Em uma primeira fase, os processos geofísicos contribuem para os estudos de caracterização da natureza geológica da área onde o projeto será implantado, fornecendo informações relevantes para a avaliação da viabilidade do empreendimento, como os ensaios de refração sísmica realizados na superfície da terra, que podem mostrar falhas e relevos suscetíveis.
Na parte de monitoramento, os aparelhos sonoros analisam com detalhes as camadas de sedimentos acumulados na barragem, parâmetros importantes para determinar o volume e o peso da estrutura e as capacidades de expansão (alteamento). “A partir deles (métodos geofísicos) é possível obter a velocidade de propagação do som nos diferentes materiais geológicos que compõem o terreno investigado, um critério fundamental para o dimensionamento das estruturas a serem implantadas”, explica o geólogo Luiz Antonio Pereira de Souza, do Centro de Tecnologias Geoambientais do Instituto de Pesquisas Tecnológicas (IPT), em São Paulo (SP).
Souza, que atua na área de Geofísica Aplicada à Investigação de Ambientes Submersos, ressalta que os produtos dos ensaios permitem mensurar a evolução do processo de acúmulo de sedimentos na bacia da lagoa de decantação, assim como avaliar se o processo de enchimento da barragem evolui conforme previsto no projeto original. “Em certo momento, o responsável pelo empreendimento poderá concluir se a lagoa de decantação atingiu o máximo de sua capacidade, determinando a interrupção do processo de lançamento de resíduos e a construção de uma nova bacia de decantação”, afirma Souza.
Quando a lagoa de decantação encontra-se coberta por lama e água, o método geofísico empregado é o de perfilagem sísmica contínua, que consiste no uso de equipamentos acústicos instalados em uma embarcação de pequeno porte.
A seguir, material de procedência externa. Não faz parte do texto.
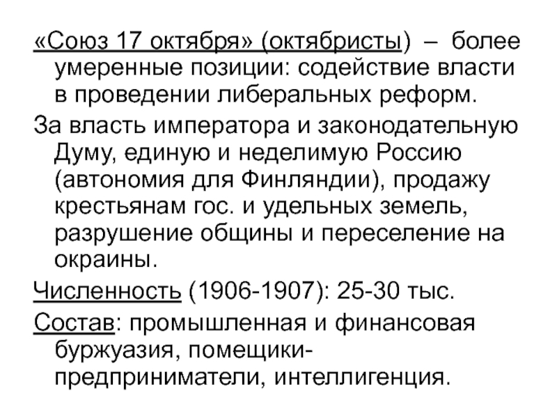 Слайд 29«Союз 17 октября» (октябристы) – более умеренные позиции: содействие власти
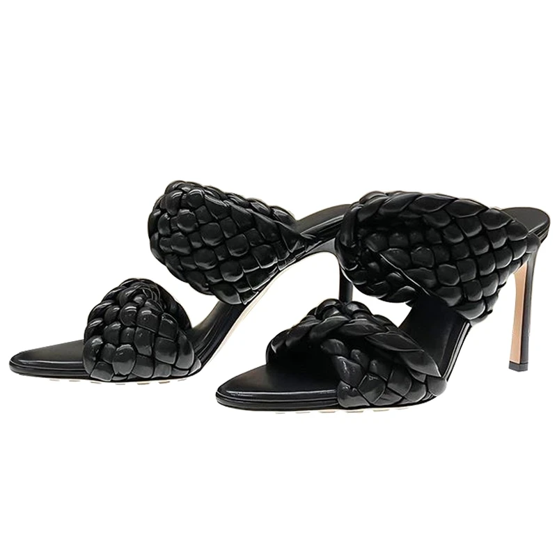 Европейские Подиумные шлепанцы; Босоножки с открытым носком на высоком каблуке; Модная обувь; Тканая удобная обувь

A navegação ocorre em várias direções de um lado ao outro da lagoa, possibilitando a determinação da espessura dos estratos sedimentares acumulados ao longo dos anos.
Segundo o pesquisador, atualmente, existem equipamentos eficientes de perfilagem sísmica contínua, que podem identificar e analisar camadas de sedimentos com menos de 10 cm de espessura. Esses dados são utilizados para elaboração de gráficos, que podem ilustrar espaços vazios, fugas de água e como o corpo da barragem está se alterando ao longo do tempo. Ele reforça que os níveis e históricos de enchimento são extremamente vitais para a operação e segurança dessas estruturas.
“A perfilagem sísmica contínua baseia-se também no princípio da reflexão das ondas acústicas e constitui-se num método indireto de investigação de áreas submersas rasas (entre 100 m – 150 m de profundidade). Esse processo utiliza espectros de baixa frequência (abaixo de 10 Khz) o que possibilita a penetração do sinal na superfície de fundo, identificando a espessura das camadas de sedimentos não consolidados”, explica.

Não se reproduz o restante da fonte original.